Put as simply as possible the Neapolitan substitutes for the IV chord, while the tritone substitution substitutes for the V7 chord. Different functions.


----------



## Woodduck

Phil loves classical said:


> Put as simply as possible the Neapolitan substitutes for the IV chord, while the tritone substitution substitutes for the V7 chord. Different functions.


I think the Neapolitan is closer in function to the ii than to the IV. It is after all a flatted ii. Try fitting it into various progressions and see if you agree.


----------



## Gargamel

Woodduck said:


> I think the Neapolitan is closer in function to the ii than to the IV. It is after all a flatted ii. Try fitting it into various progressions and see if you agree.


Like IIIb is close in function to iii? (Although, IIIb and iii replace each others. I'm not sure if iib replaces ii, or if they can co-exist in the same harmony.)


----------



## mikeh375

Gargamel said:


> Like IIIb is close in function to iii? (Although, IIIb and iii replace each others.* I'm not sure if iib replaces ii, or if they can co-exist in the same harmony.*)


....well to my ears, it sounds pretty good having the two together as a single chord, although I'd fail an academic CP exam if I piled them on top of one another... But no, II and an N6 can't combine to form a chord in its own right in CP usage, although I can imagine a double retardation, c# to d and g# to a almost getting there (in C of course). As always, context has a bearing on how technique is used.

Outside of CP, use your ears and do what appeals to your sensibilities for your own composing. Technique opens your ears and gives you options which you can then use as a base to explore more. Don't get too bogged down, understand the essential principle, try it out a few times, assimilate it and move on.


----------



## millionrainbows

Woodduck said:


> I think the Neapolitan is closer in function to the ii than to the IV. It is after all a flatted ii. Try fitting it into various progressions and see if you agree.


Key of C:

The ii is seen as fifth, when it goes to V. It's better to talk about root movements.

So a bII needs also to have that "fifth" root movement quality to be similar, not just be in proximity.

Since we can "backwards trace" the given G7 back to a 'parent' diminished seventh of F-Ab-B-D (and simply lowering any note to "generate" our dominant 7 chord, in this case Ab-G),

...then Db-F-Ab-B (Db7) can be "generated" from the same dim 7 in the same way (lowering a tone, D to Db), which "creates" a dominant tri-tone substitute for the G (equal to a V7-i) which "creates" the resolution.

Why do I follow this logic?

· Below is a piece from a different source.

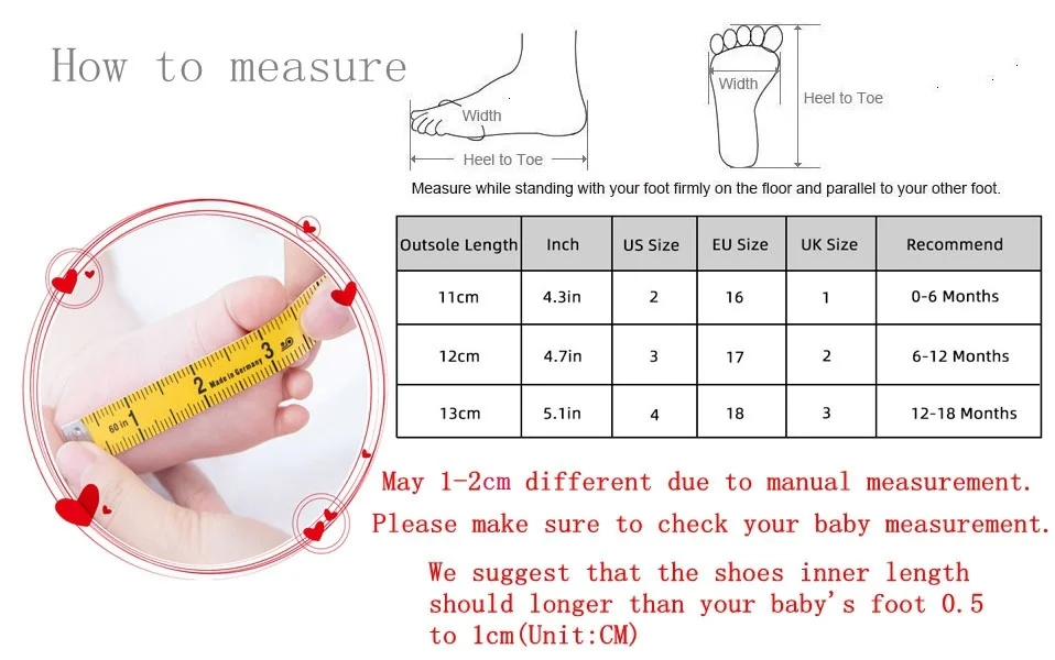 4. Длина нашей обуви для малышей рассчитывается на длину низа в сантиметрах, пожалуйста, покупайте в соответствии с вашими потребностями.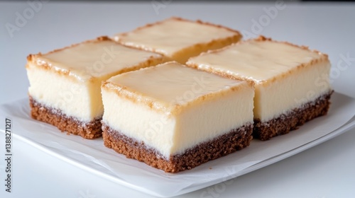 Four creamy cheesecake squares sit on a white plate. Each has a smooth, glossy topping and a crisp brown crust. The photo is well-lit, high-resolution, and features a shallow depth of field. The sty

Because my ear hears it that way. My "logic" came after I heard it. This is the harmonic logic of the ear.

Your "logic" is based on nothing except a new arbitrary root station, because it is called "flatted."

Your way of thinking of a bII as simply "appearing" as an arbitrary root station choice is like working with dead, mummified tones.

My music is "alive" and it moves. Tones are "generated," resolutions are "created," roots "move" in logical ways. My logic is based on harmony, not arbitrary names. Also, my explanations are much lengthier and fuller than your flip dismissals and insulting "horse manure" as you have called it:



Woodduck said:


> Kindly spare me all your usual "thnking out of the box" *horse manure,* accompanied by the usual descriptions of my intellectual limitations as compared with your own imaginative brilliance.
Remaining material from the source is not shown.